Jing Ning manages the BlackRock BGF China fund. Her diary runs from October 4-10.
I walk the five minutes from home to the office – Hong Kong is an incredibly compact city and BlackRock’s move to the Cheung Kong Center has actually halved my commute. We begin with the daily morning meeting, where the Asian equity team discusses today’s portfolio action and any important news. I flag some rumours circulating in the international press around new Chinese property policies – but also explain that this is not new information and the local market has been aware of this for some time.
I meet with an education company which offers English test preparation classes to young Chinese students who want to go overseas to study. The company was founded by a couple, which is not uncommon for private businesses in China (the new mom and pop shop). In the afternoon we have our weekly research meeting, where we decide which ideas we should pursue and conduct in-depth research on. (article continues below)

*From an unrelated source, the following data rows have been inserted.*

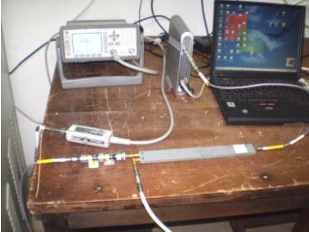
Photograph No.1 Peak output power and spurious emissions at RF antenna connector test setups
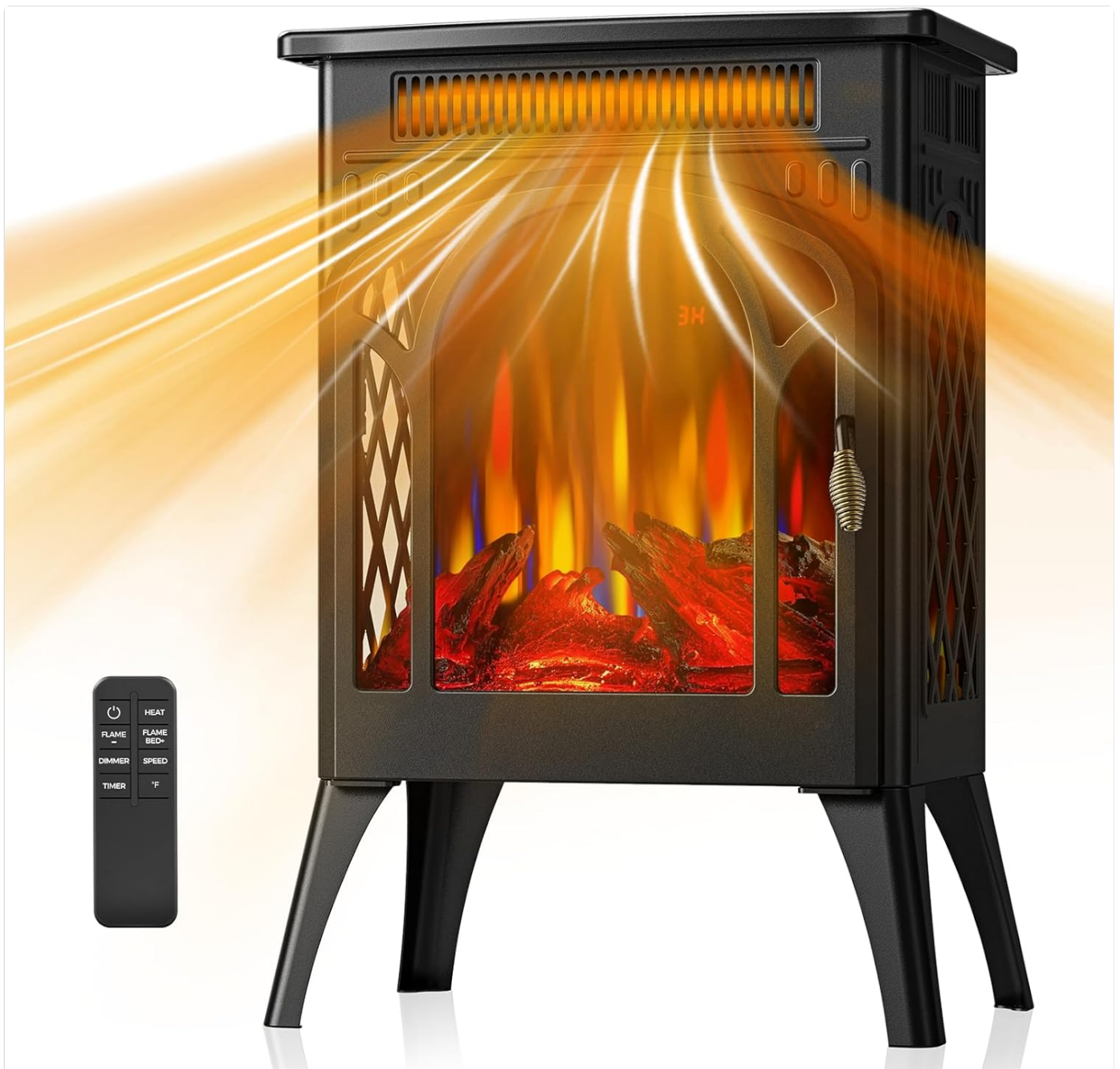
Image 1: Electactic S180 Electric Fireplace Stove and its remote control.
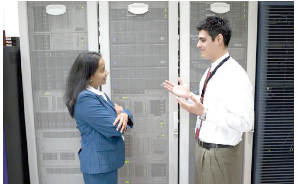
Tech companies are under growing pressure to diversify their workforces, which are predominantly white, Asian and male.
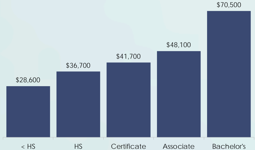
AVERAGE EARNINGS BY EDUCATION LEVEL AT CAREER MIDPOINT
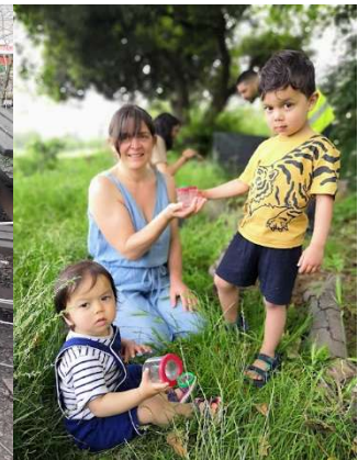
Family bug hunting
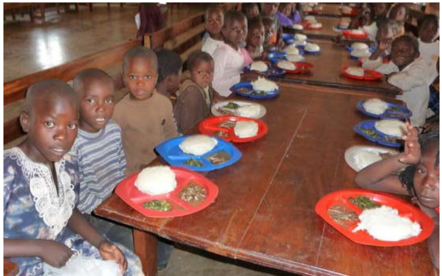
The children enjoying their daily meal of maize, dried fish, and greens made possible by your generosity.
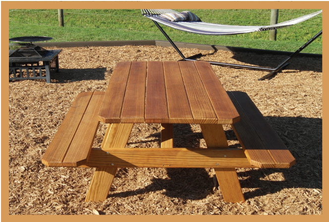
Table shown with natural cedar stain
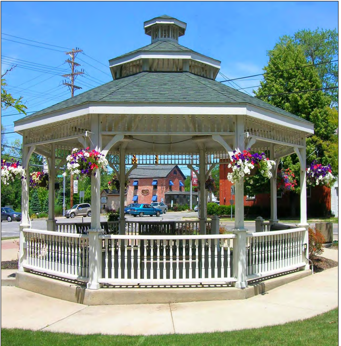
Heritage Square Park gazebo—37001 Detroit Road.

The park also proudly exhibits an Ohio Bicentennial Historic Marker dedicated to the accomplishments of Dr. Norton S. Townshend, a leader in progressive agriculture. The Avon Old Town Hall of 1871, now the home of the Avon Historical Society, is also located at this intersection. A vacant bar that once was a general store stood on at this location before the property was acquired for the park.
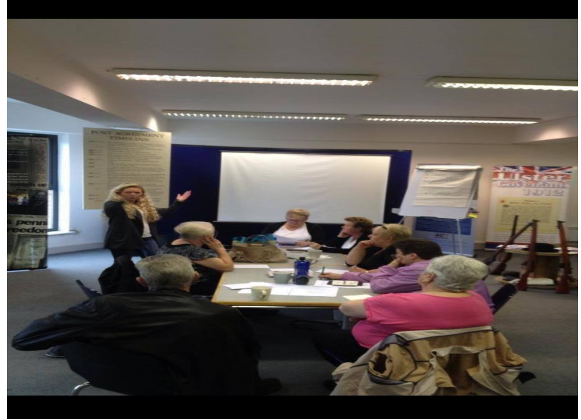
Picture of Loughview Community Action Partnership members participating in Lobbying workshop

An example of a programme that was facilitated by LCAP was a lobbying course for older people which consisted of a series of workshops generic to lobbying and ended with a practice visit to the Assembly.
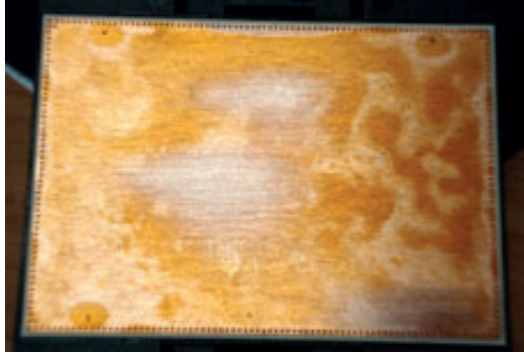
Fig. 2 - Example of Discoloration

The team’s China analysts are busy as a wave of new listings come to the market. The last two years have seen a huge amount of private equity invested in China and some of these companies are being brought to the secondary market. Many are in “New China” sectors – new companies which tap the secular tides of consumption and urbanisation and industries such as automation and technology services – and are particularly exciting, as long as they are at the right price. The brokers are introducing the company principals to meet with key institutional investors.
Two more IPOs [initial public offerings] today – a skincare company and a department store operator in the affluent Yangtze river delta region. The region includes the cities of Shanghai, Nanjing, Hangzhou, Suzhou and Ningbo and is home to more than 90m people. It has grown rapidly over the past few years and looks set to continue with government announcing plans to continue to develop and modernise the area over the next decade. In the evening we have our weekly video-conference with the London-based global emerging markets equity team. It is very useful to be able to get their perspective on China and talk about investment ideas.
In today’s morning meeting we talk about trimming some of our consumer staple names. Our stocks here have performed really well and we think it is time to take some of them down. We want to invest in good stocks, not just good companies, so valuation really matters.
A nice relaxing morning at home, catching up on some news. I talk to my parents in Beijing – I have been advising them on the sale of their house. The time is right to take advantage of those high property prices. I cannot help reflecting that my parents’ generation has experienced some turbulence during the course of their lives, and the rising asset prices and a stable pension income will enable them to enjoy a pleasant retirement.
It is hot and humid at the moment, so when I go out it is to the cool comfort of a shopping mall in Causeway Bay – one of the busiest shopping precincts in the world. Sunday shopping is a Hong Kong obsession. However as I walk around Times Square, it is incredible how many people around me are speaking Mandarin – there are thousands of people from the mainland shopping for bargains. It is quite different from four years ago when I arrived in Hong Kong, when I considered learning to speak Cantonese to make my life easier. Now thanks to these mainland shoppers, I really feel at home in Hong Kong.